Exercise data |
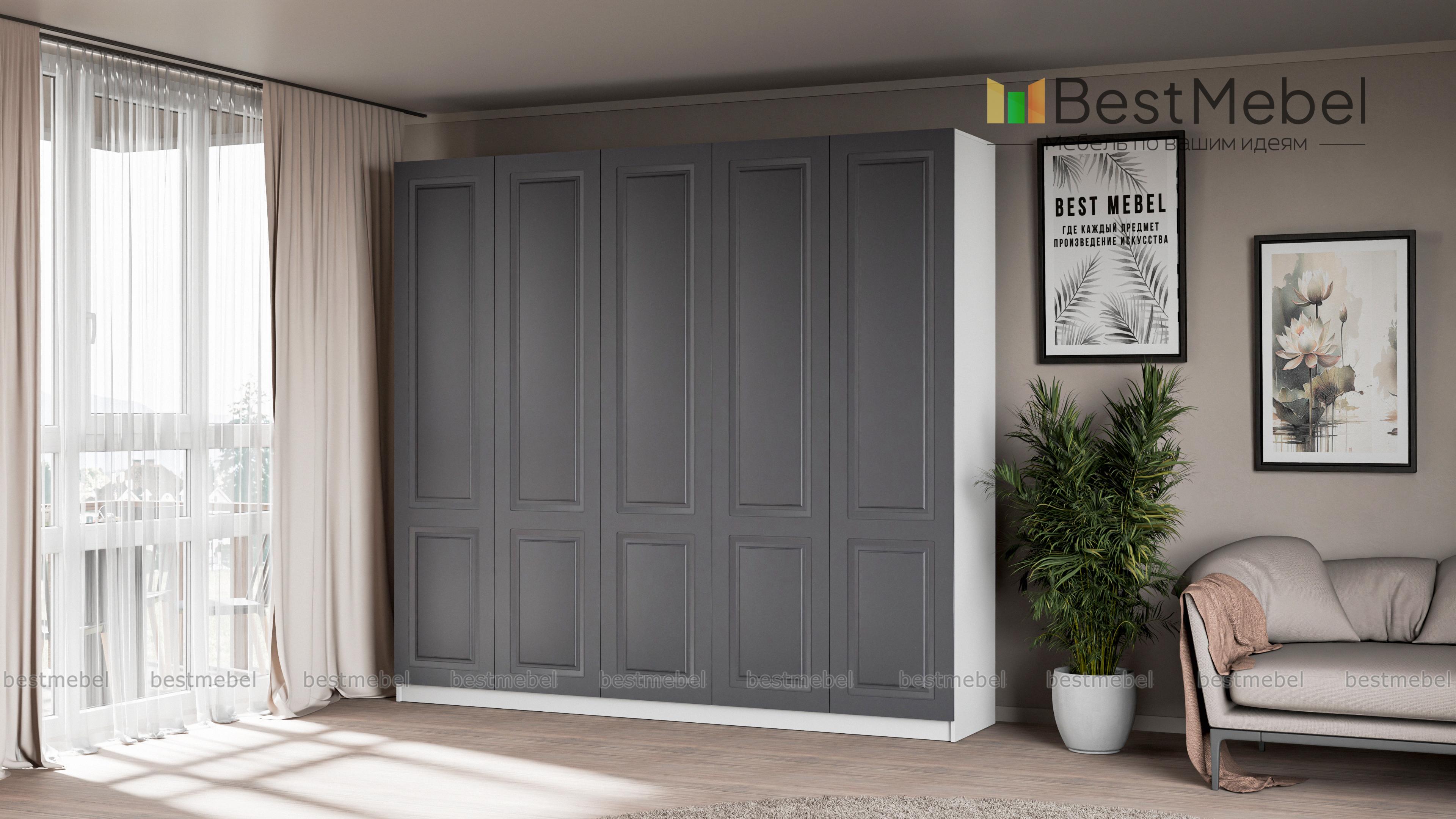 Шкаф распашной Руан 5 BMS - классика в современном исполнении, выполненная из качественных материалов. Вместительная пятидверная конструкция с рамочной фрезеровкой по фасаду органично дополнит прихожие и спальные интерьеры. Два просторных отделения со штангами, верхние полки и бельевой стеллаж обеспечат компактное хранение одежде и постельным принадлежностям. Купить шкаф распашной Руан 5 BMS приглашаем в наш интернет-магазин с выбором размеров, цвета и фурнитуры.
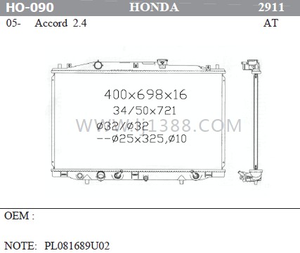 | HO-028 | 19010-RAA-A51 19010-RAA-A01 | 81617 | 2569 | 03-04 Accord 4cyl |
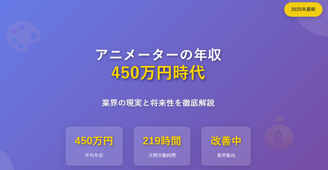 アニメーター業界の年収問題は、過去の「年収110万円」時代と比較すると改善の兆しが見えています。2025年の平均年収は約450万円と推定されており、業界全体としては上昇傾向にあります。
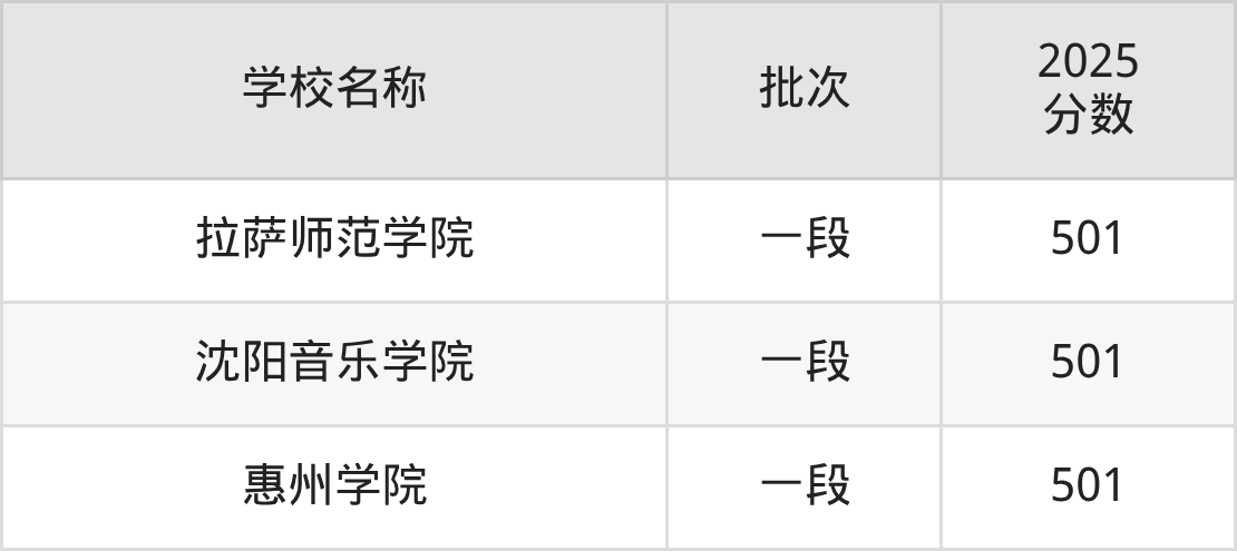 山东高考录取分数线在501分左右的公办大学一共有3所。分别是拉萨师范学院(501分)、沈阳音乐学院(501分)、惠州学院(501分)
* * *
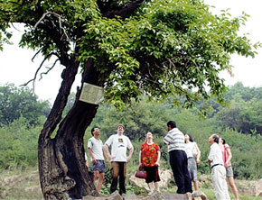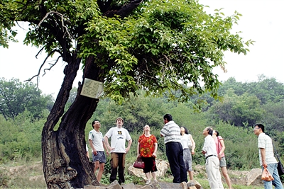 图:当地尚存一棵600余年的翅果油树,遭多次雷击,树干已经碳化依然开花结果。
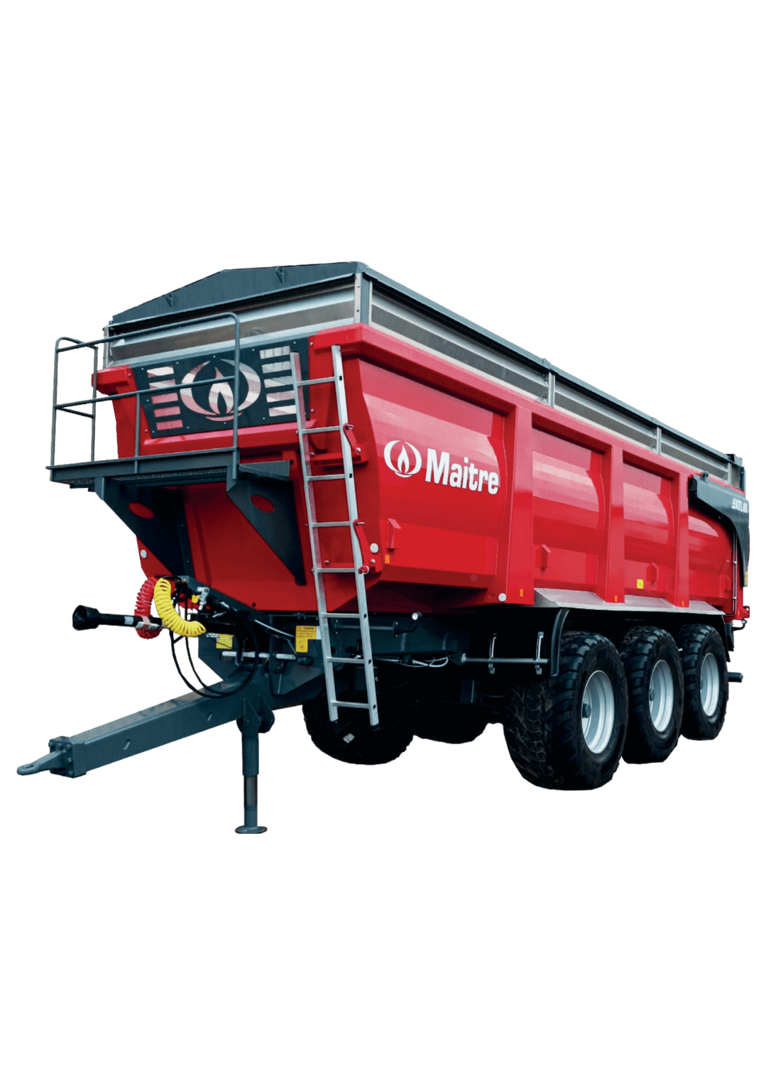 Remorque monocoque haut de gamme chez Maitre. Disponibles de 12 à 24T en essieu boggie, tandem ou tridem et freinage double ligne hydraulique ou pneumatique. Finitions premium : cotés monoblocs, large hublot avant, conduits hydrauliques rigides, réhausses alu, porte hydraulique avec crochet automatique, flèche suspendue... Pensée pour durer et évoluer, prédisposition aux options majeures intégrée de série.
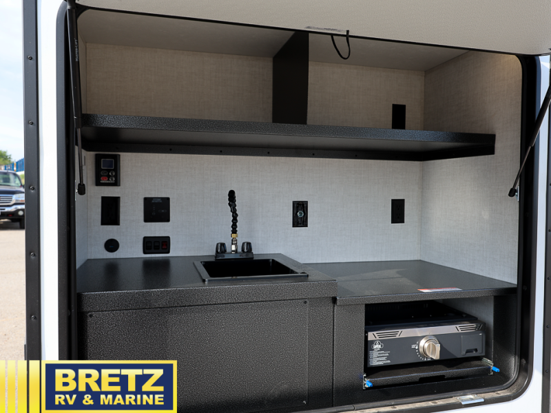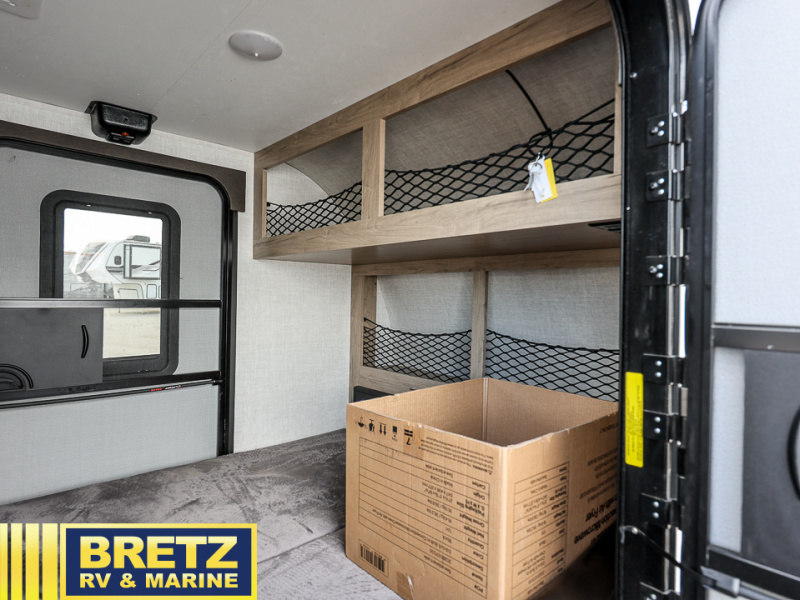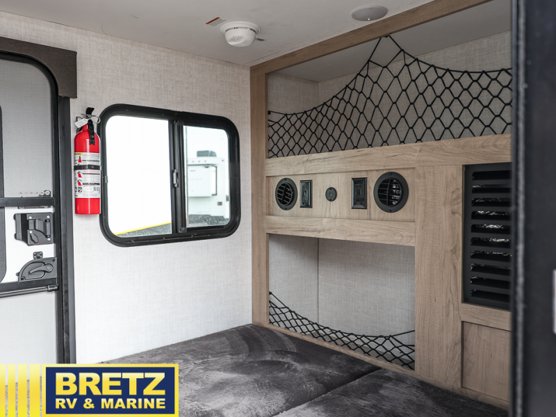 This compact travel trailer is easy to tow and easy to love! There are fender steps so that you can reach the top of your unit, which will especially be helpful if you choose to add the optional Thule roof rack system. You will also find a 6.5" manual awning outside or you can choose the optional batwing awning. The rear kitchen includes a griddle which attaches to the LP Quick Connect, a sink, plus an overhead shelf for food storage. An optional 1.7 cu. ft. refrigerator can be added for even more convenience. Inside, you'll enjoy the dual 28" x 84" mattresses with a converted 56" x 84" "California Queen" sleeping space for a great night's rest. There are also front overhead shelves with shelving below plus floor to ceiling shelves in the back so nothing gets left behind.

The task |
Given the entries above, transcribe exactly the lines from the one holding "Шкаф распашной Руан 5 BMS - классика" through the one holding "山东高考录取分数线在501分"; pictures do not belong in the transcription.

Task result |
 Шкаф распашной Руан 5 BMS - классика в современном исполнении, выполненная из качественных материалов. Вместительная пятидверная конструкция с рамочной фрезеровкой по фасаду органично дополнит прихожие и спальные интерьеры. Два просторных отделения со штангами, верхние полки и бельевой стеллаж обеспечат компактное хранение одежде и постельным принадлежностям. Купить шкаф распашной Руан 5 BMS приглашаем в наш интернет-магазин с выбором размеров, цвета и фурнитуры.
 | HO-028 | 19010-RAA-A51 19010-RAA-A01 | 81617 | 2569 | 03-04 Accord 4cyl |
 アニメーター業界の年収問題は、過去の「年収110万円」時代と比較すると改善の兆しが見えています。2025年の平均年収は約450万円と推定されており、業界全体としては上昇傾向にあります。
 山东高考录取分数线在501分左右的公办大学一共有3所。分别是拉萨师范学院(501分)、沈阳音乐学院(501分)、惠州学院(501分)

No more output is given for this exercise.